製薬会社で薬を作っていた森さんが東洋医学の漢方に着目されたのは意外な感じもしますが…
昔から東洋医学をやっている人は、西洋の副作用の出る薬なんて、もってのほかと言う。西洋医学の人は、あんな効きもしない漢方で病気なんか直るわけがないと言う。…どっちも相手の悪い所ばかりを批判している。
僕は「ええとこどり」をしようと思った(笑)。
「上工は未病を治す」という言葉があるんですよ。
上工とは名医のことで、未病とは病気が発症する前の状態のことです。つまり、名医は病気になる前に治すと言っているんです。
僕たちは健康長寿の村を目指しているから、病気を未然に防ぐ「予防」が大切。だから、漢方の薬膳の考え方にならって、病気にならない健康な身体づくりを提案しているのです。

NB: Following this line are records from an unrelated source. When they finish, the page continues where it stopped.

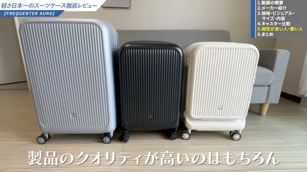 なお、僕のYouTubeチャンネル「スーツケース研究所」では、実物のスーツケースを触りながら詳しくレビューしています。
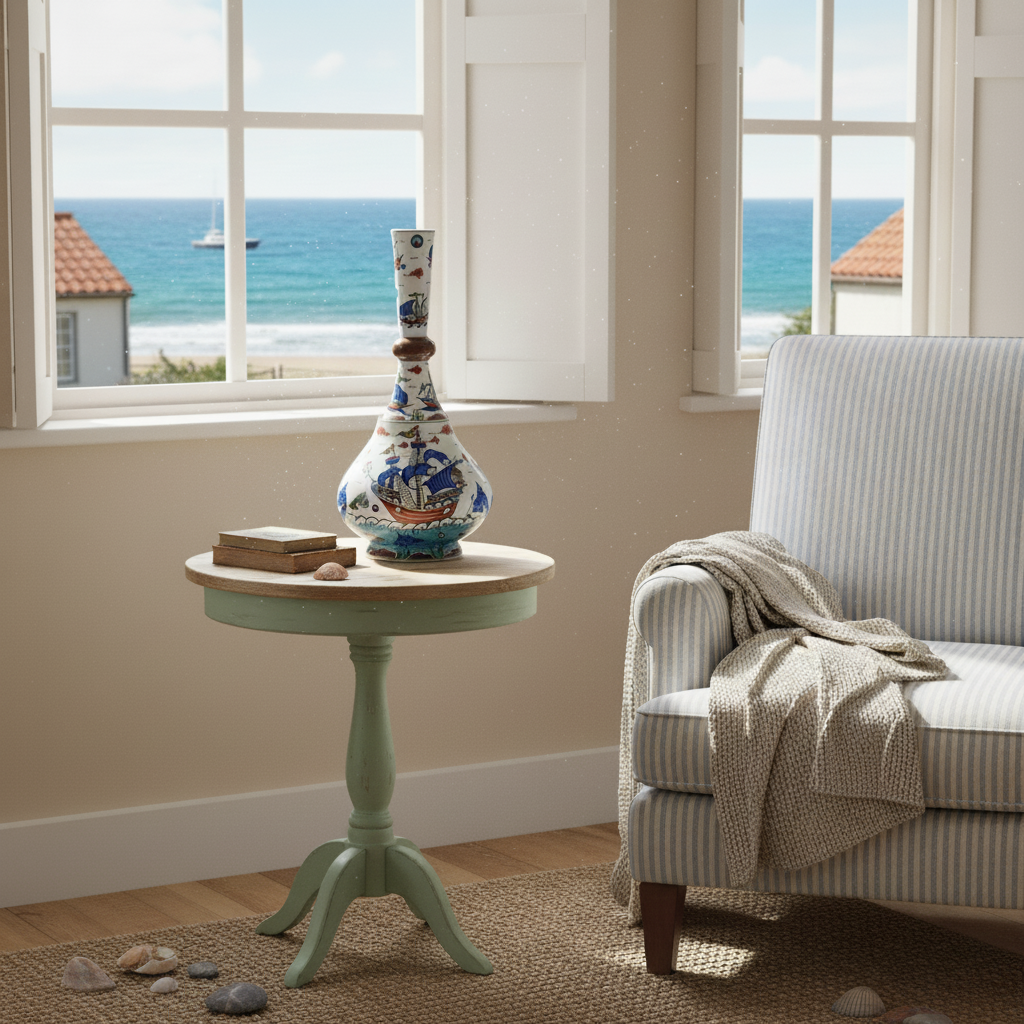 Bring the adventure and symbolism of the high seas into your home with this Handmade Ceramic Galleon Vase. Standing at 45 cm, this piece is a narrative of exploration, capturing the Golden Age of Ottoman navigation.
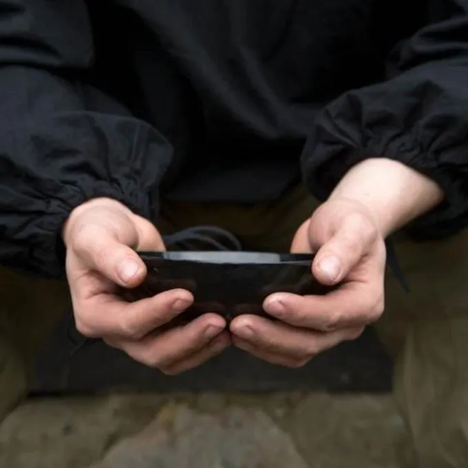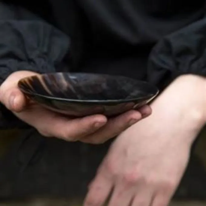 Hornschalen wurden jahrhundertelang in ganz Europa verwendet. Diese Schale ist innen so behandelt, dass sie zum Verzehr von Lebensmitteln geeignet ist. Das Horn ist glatt poliert und hat eine Lackschicht. Hinweis: Nicht für heiße Flüssigkeiten geeignet. Eine perfekte Ergänzung zu Ihrer Nachstellung und Ihrer LARP-Ausrüstung.
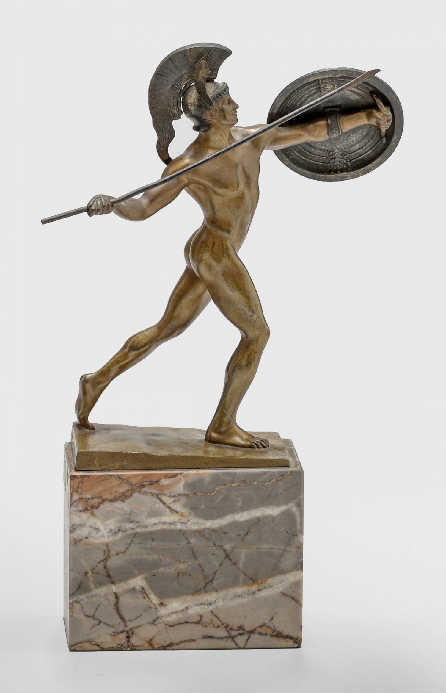 Bronze, goldbraun patiniert. Sign. in der Plinthe. Rot-grauer Marmorsockel. Aktfigur des trojanischen Kriegers mit Schild und Speer. Ges.-H. 25 cm.
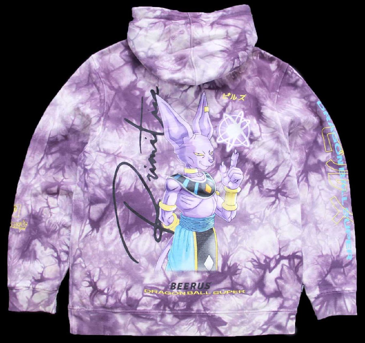 DRAGONBALL SUPER ドラゴンボール超 破壊神ビルス 両面&袖 刺繍&プリント タイダイ染め スウェットパーカー S★フーディー
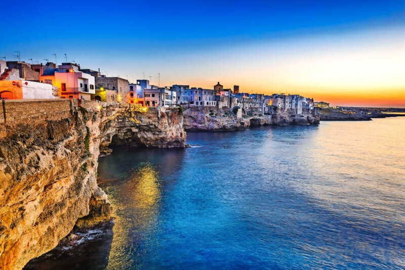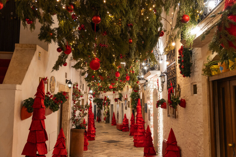 Tag 3: Bari und Polignano a Mare. Heute lernen Sie bei einer Stadtführung die wichtigsten Sehenswürdigkeiten der Hauptstadt Apuliens, Bari, kennen. Am Nachmittag geht es weiter nach Polignano a Mare, das spektakulär auf Klippen thront. Auch hier sind die engen Gassen der Altstadt in der Weihnachtszeit überschwenglich dekoriert und ein Besuch zur Dämmerung ein Muss.
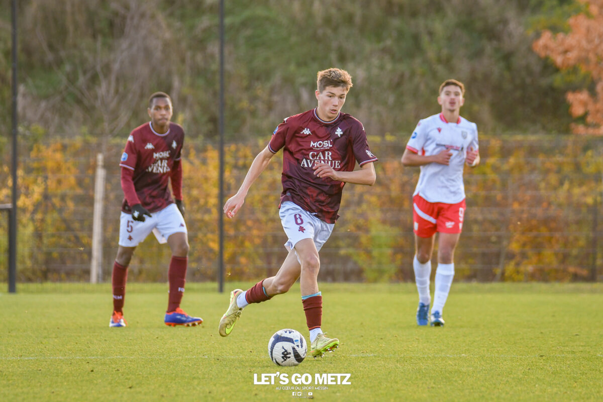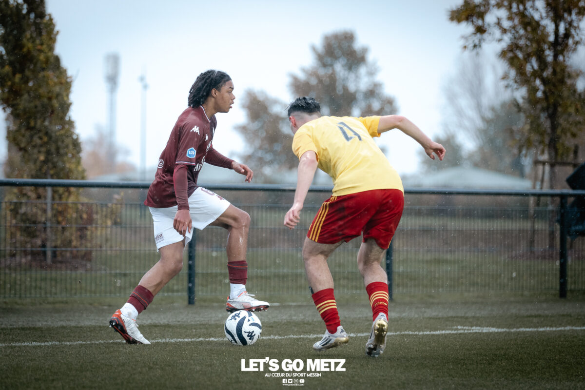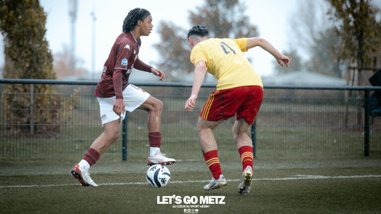 53 La formation du FC Metz a encore signé un week-end – presque – parfait. Si les U19 ont chuté face au leader, les U19F et U17 l’ont emporté haut la main. Cela faisait un petit moment que la formation messine ne s’était pas aussi bien portée. Les U19, U19F et U17 figurent tous sur le podium de leurs championnats respectifs. Des performances convaincantes qui laissent présager un bel avenir pour les jeunes formés au club. À noter également que tout va pour le mieux pour l’équipe réserve du FC Metz. Brian Madjo et les siens ont signé un large succès ce dimanche face à Neuilly-sur-Marne. U19 – Le FC Metz victime de l’ogre lyonnais Après leur victoire renversante face au Racing Club de Strasbourg, les Grenats se déplaçaient chez le leader l’Olympique Lyonnais ce samedi. Contre toute attente, les visiteurs prenaient l’avantage par l’intermédiaire d’Hamza Kadamani (0-1, 23′). L’espoir de ramener des points en Moselle était à son comble, mais l’ouverture du score était surement un peu trop rapide. Les Lyonnais réagissaient très tôt en réactivant la machine à but. Angel Garcia et Ajdin Muminovic faisaient trembler les filets coup sur coup (1-1, 26′ et 2-1, 27′). Un coup de massue pour les Messins qui ne parvenaient pas à revenir au score. Les Gones enfonçaient le clou peu avant le coup de sifflet final. Issiaga Soumah (3-1, 77′) et Kenan Doganay (4-1, 83′) effaçaient tout espoir de remontée messine. Un revers « logique » mais au gout amer pour le FC Metz qui menait dans la rencontre. Les U19 conservent tout de même leur 3ème place au classement et se déplaceront à Bobigny dimanche 30 novembre. Crédit photo : Julien Buret/LGM (archive) U19F – Le FC Metz déroule face à Fleury Qui pourra les arrêter ? Surement pas le FC Fleury 91. Les jeunes messines poursuivent sur leur belle lancée en déjouant les Parisiennes, et ce, avec la manière. Lola Falzone lançait rapidement les hostilités et donnait l’avantage aux Grenats (0-1, 6′). Entré en cours de jeu, Siga Konaté creusait l’écart (0-2, 69′) et Emma Lopez enfonçait le clou pour mener les siennes vers la victoire (0-3, 90′). Une rencontre en totale maîtrise, à l’image du début de saison du FC Metz. Ce succès 3 buts à 0 permet aux Messines de conforter leur deuxième place au classement et d’être toujours en course pour la phase Élite. Place désormais à une courte pause avant d’entamer le sprint final de cette première phase de championnat. Elles recevront le Dijon FC (3ème) dimanche 7 décembre. Une dernière rencontre décisive pour les Grenats qui espèrent accrocher une qualification historique pour la phase Élite. Crédit Photo : Julien Buret/Let’s Go Metz (archive) U17 – Les Grenats vainqueurs du FC Lyon Bien installé sur le podium après la victoire sans appel face à Strasbourg, le FC Metz répétait son numéro ce dimanche face au FC Lyon. Malgré l’exclusion précoce du Lyonnais Delshan Amayota (24′), les Messins ne profitaient pas de leur supériorité numérique pour regagner les vestiaires avec l’avantage. Il fallait attendre la 52ème minute pour voir la défense lyonnaise chavirer. Aymane Kanoute débloquait le compteur (1-0, 52′), puis Djibril Cappe alourdissait la sentence peu de temps après (2-0, 57′). Les Lyonnais faisaient douter le FC Metz en réduisant le score par l’intermédiaire de Nizar Khoudda (2-1, 71′). Malgré cette petite frayeur, les Grenats se rassuraient et scellaient le sort de la rencontre avant le coup de sifflet final. Maykel Gomis (3-1, 82′) et Djibril Cappe (4-1, 90′) anéantissaient tout espoir de « remontada » lyonnaise. Une victoire 4 buts à 1 qui permet au FC Metz de grimper sur la dernière marche du podium. Ils recevront le FC Annecy dimanche 30 novembre pour poursuivre leur belle série de 10 matchs sans défaite en championnat. La dernière était d’ailleurs contre les Annéciens le 31 août dernier. Crédit photo : Mikaël Franck/LGM (archive) Image à la une : Julien Buret/LGM (archive)
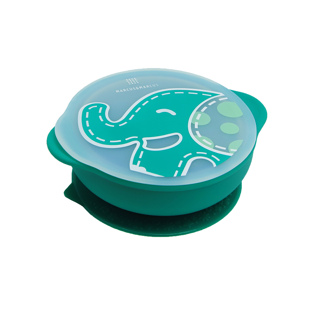 Bát tập ăn silicon có nắp và đế hút chân không chống đổ | Marcus & Marcus Self Feeding Suction Bowl
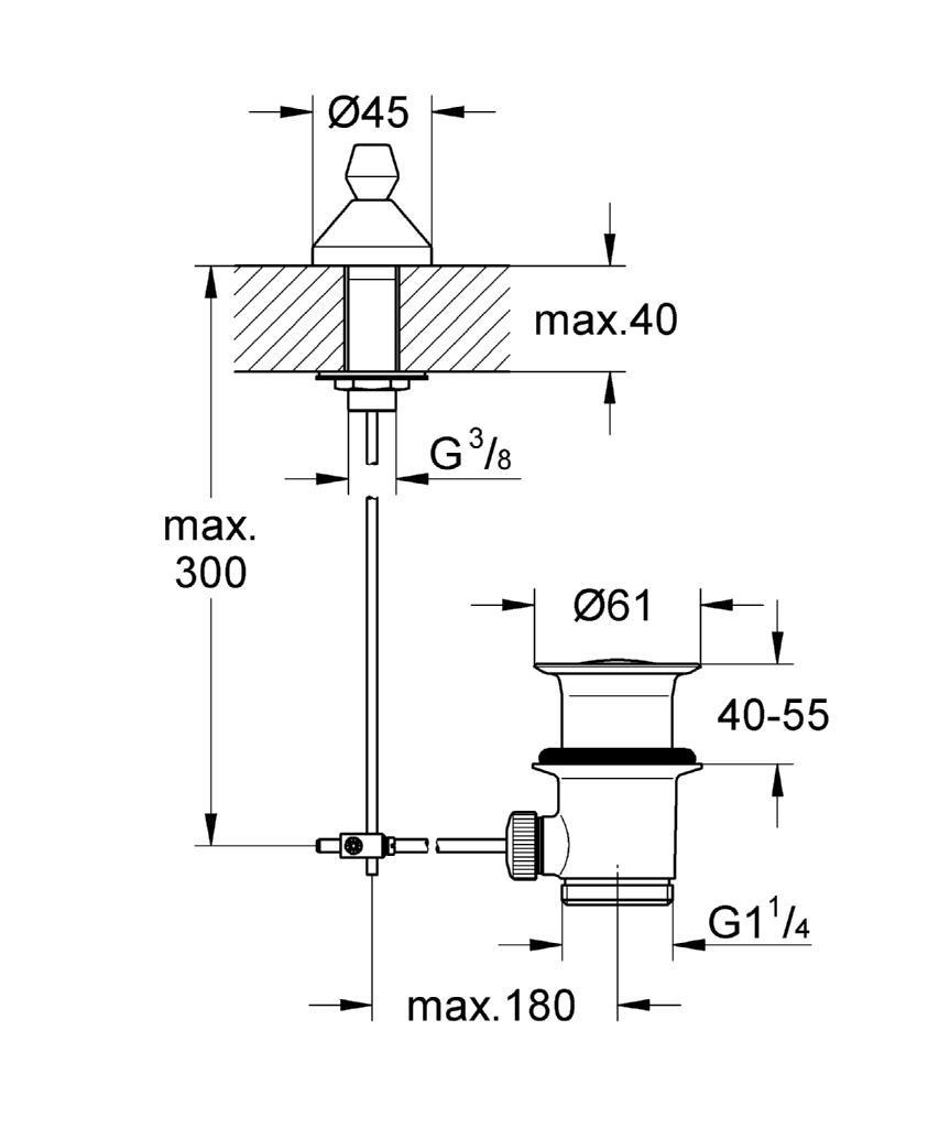 - Garniture de vidage 1 1/4" sur table

日本最古の医学書「医心方」を記した偉人が亀岡に暮らし、薬草を栽培していた!
長年の活動を通して、地域に何か変化はうまれましたか?
意欲的な若い人の移住がありました。神前で農業をして中山間地の農村再生に携わりたい、ということでね。ありがたいことだと思っています。
チョロギ村では薬草を使った加工品の開発やレストランの運営だけでなく、地域と移住者をつなぐ活動も行っているんです。移住を希望する人に空家を紹介したり、農業したい人なら安く借りれる農地を探したり…田舎暮らしに関する様々な情報を伝える役割を担っています。
移住については、やみくもに人が増えれば良いというものではない。新しく造成された住宅団地に住んでもらうより、昔からある旧村の小さな区分の中に入って、地域に溶け込んでほしい。あたたかい人の繋がりを感じながら暮らして欲しいと願っています。
最後に、この地域の魅力についてお聞かせいただけますか。
亀岡という場所は1200年もの間、都だった京都に非常に近い所で、しかも川の上流にあたる。上流にある亀岡の物資が、川を使って都へと送られていたわけで…。古くから京の都を支えていたという意味で歴史的に重要な場所なんですよ。
歴史を振り返って、亀岡が生んだ偉人は誰かといえば、いつも円山応挙と石田梅岩の名が挙がりますよね。でも、僕としては丹波康頼(たんばのやすより)を強く推したい。一般的な知名度は低いけれども、「医心方」という日本最古の医学書を書いた人なんです。
その丹波康頼が亀岡の医王谷に暮らし、薬草を栽培していたという言い伝えがある。まさに僕らが今やっていることと一緒やな(笑)。
古くから薬草と縁がある亀岡が「東洋医学のメッカ」と呼ばれるようになってほしい。それに見合うだけの歴史と可能性が亀岡にはあると思っています。